The liner notes feature black and white photographs of the band members as children.

==Critical reception==

Second Coming was released to generally mixed reviews in the UK and US. Rolling Stone awarded the record two out of five stars, calling its songs "tuneless retro psychedelic grooves bloated to six-plus minutes in length." Robert Hilburn of the Los Angeles Times was more positive, praising John Squire's "inspired guitar work" and concluding that "while the album's impact is undercut by some tunes that seem little more than fragments, the standouts offer a soulful earnestness as they speak of the search for salvation and comfort amid the tension and uncertainty of contemporary life."

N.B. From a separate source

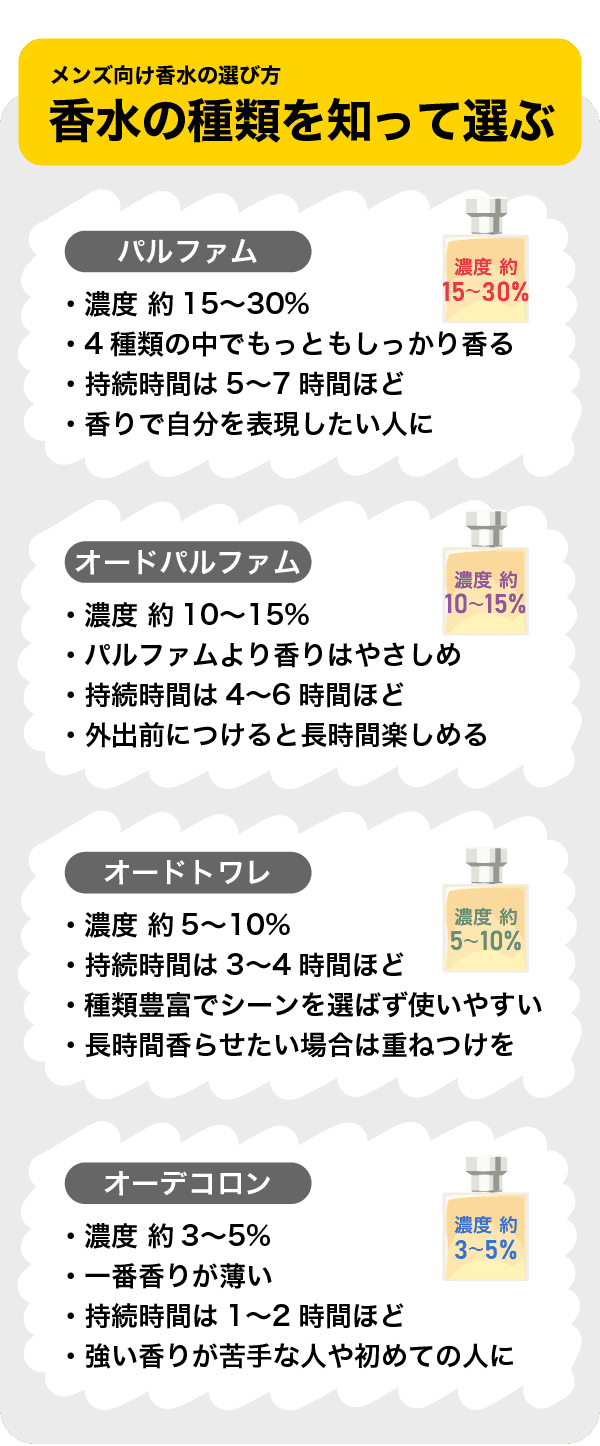メンズ向け香水として販売されているのは、おもにオードパルファム、オードトワレ、オーデコロンの3種類です。パルファムはレディース向け香水に多く見られ、メンズ向け香水としての日本での取り扱いは少ないと言えます。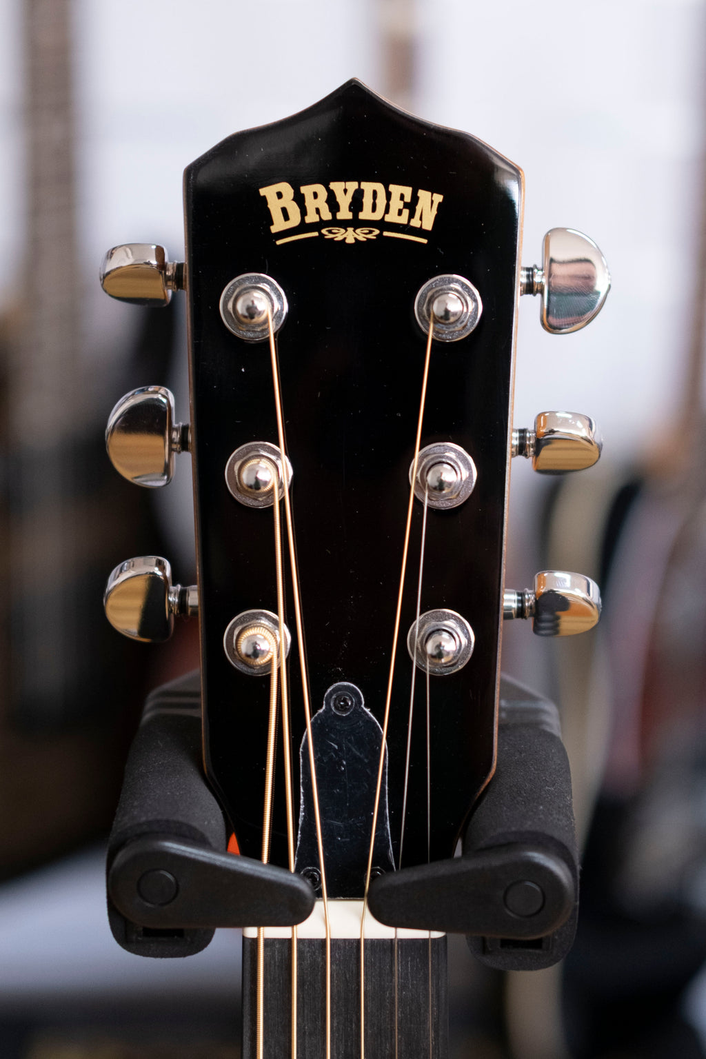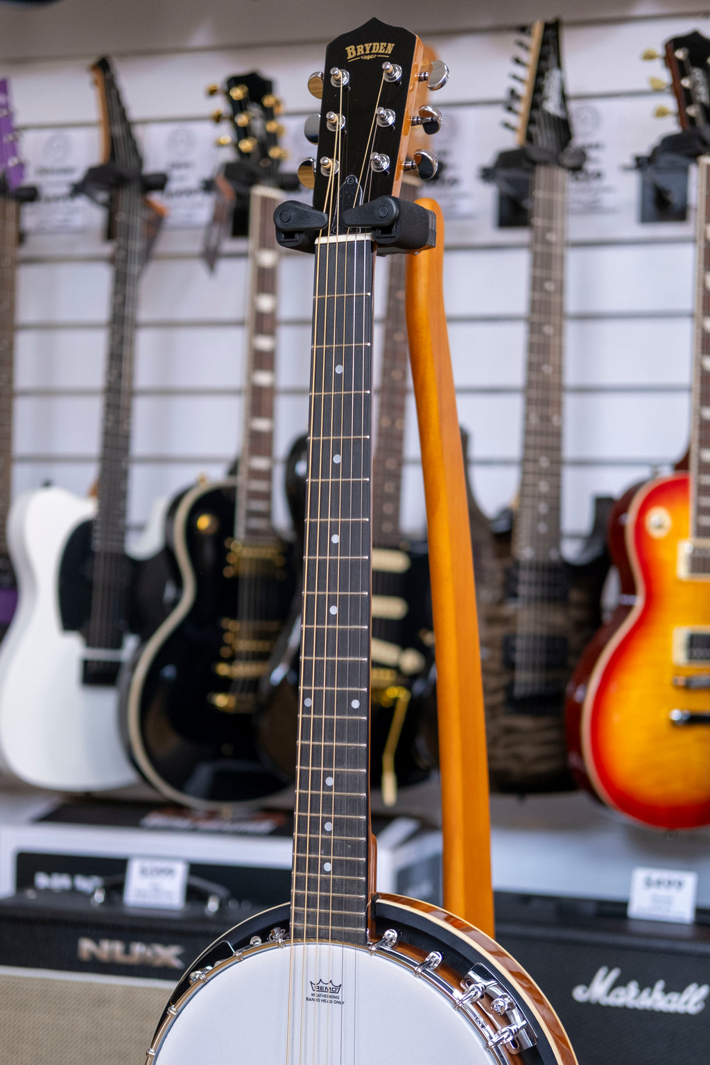 Ivory bound striped mahogany resonator. Mahogany neck with rosewood fingerboard, two way truss rod, ivory binding and pearl dot inlays. 22 frets. Laminated mahogany rim. 24 brackets. Remo head. Bridge with compensated rosewood saddle. Chrome arm rest and tailpiece. Chrome diecast machine heads.

Select ranked the album at number twelve in its end-of-year list of the 50 best albums of 1995.

Professional ratings
Review scores
| Source | Rating |
| AllMusic | Star |
| The Encyclopedia of Popular Music | Star |
| Entertainment Weekly | B− |
| The Guardian | Star |
| Los Angeles Times | Star |
| NME | 6/10 |
| Q | Star |
| The Rolling Stone Album Guide | Star |
| Select | 4/5 |
| Spin | 6/10 |

==Track listing==

| No. | Title | Writer(s) | Length |
|---|---|---|---|
| 1. | "Breaking into Heaven" |  | 11:21 |
| 2. | "Driving South" |  | 5:09 |
| 3. | "Ten Storey Love Song" |  | 4:29 |
| 4. | "Daybreak" | Ian Brown, Gary Mounfield, Squire, Alan Wren | 6:33 |
| 5. | "Your Star Will Shine" |  | 2:59 |
| 6. | "Straight to the Man" | Brown | 3:15 |
| 7. | "Begging You" | Squire, Brown | 4:56 |
| 8. | "Tightrope" |  | 4:28 |
| 9. | "Good Times" |  | 5:40 |
| 10. | "Tears" |  | 6:50 |
| 11. | "How Do You Sleep" |  | 4:59 |
| 12. | "Love Spreads" |  | 5:46 |
| Total length: |  |  | 66:25 |

Hidden track
| No. | Title | Writer(s) | Length |
|---|---|---|---|
| 1. | "The Foz" | Brown, Mounfield, Squire, Wren | 6:26 |

==Personnel==
The Stone Roses
- Ian Brown – lead vocals, harmonica, recording of running water on "Breaking into Heaven"
- John Squire – electric and acoustic guitars, vocals on "Tightrope," backing vocals on "How Do You Sleep," recording of jets on "Begging You," collage
- Mani – bass guitar
- Reni – drums, backing vocals, vocals on "Tightrope," recording of running water on "Breaking into Heaven"

Technical personnel
- Simon Dawson – keyboards, Jew's harp on "Straight to the Man," castanets, Wurlitzer electric piano on "Straight to the Man" and "Tears," acoustic piano on "How Do You Sleep" and "Love Spreads," production, engineering on tracks 1, 2, 5, 6, 9, 12
- Paul Schroeder – production on tracks 1, 2, 3, 6, 7, 9, 10, 11, engineering on tracks 1, 2, 6, 9
- John Leckie – partly responsible for recording on tracks 3, 7, 11, recording on "Breaking into Heaven" intro
- Mark Tolle – initial recording on tracks 4, 8, 10
- Al "Bongo" Shaw – initial recording on tracks 4, 8, 10
- Nick Brine – assistant engineering; tambourine on "Love Spreads"

==Charts==

Chart performance for Second Coming
| Chart (1994–1995) | Peak position |
|---|---|
| Australian Albums (ARIA) | 17 |
| Austrian Albums (Ö3 Austria) | 35 |
| Canada Top Albums/CDs (RPM) | 24 |
| Dutch Albums (Album Top 100) | 61 |
| German Albums (Offizielle Top 100) | 57 |
| New Zealand Albums (RMNZ) | 38 |
| Swedish Albums (Sverigetopplistan) | 26 |
| Swiss Albums (Schweizer Hitparade) | 35 |
| UK Albums (OCC) | 4 |
| US Billboard 200 | 47 |

==Certifications==

Certifications for The Second Coming
| Region | Certification | Certified units/sales |
| United Kingdom (BPI) | 2× Platinum | 600,000^{*} |
^{*} Sales figures based on certification alone.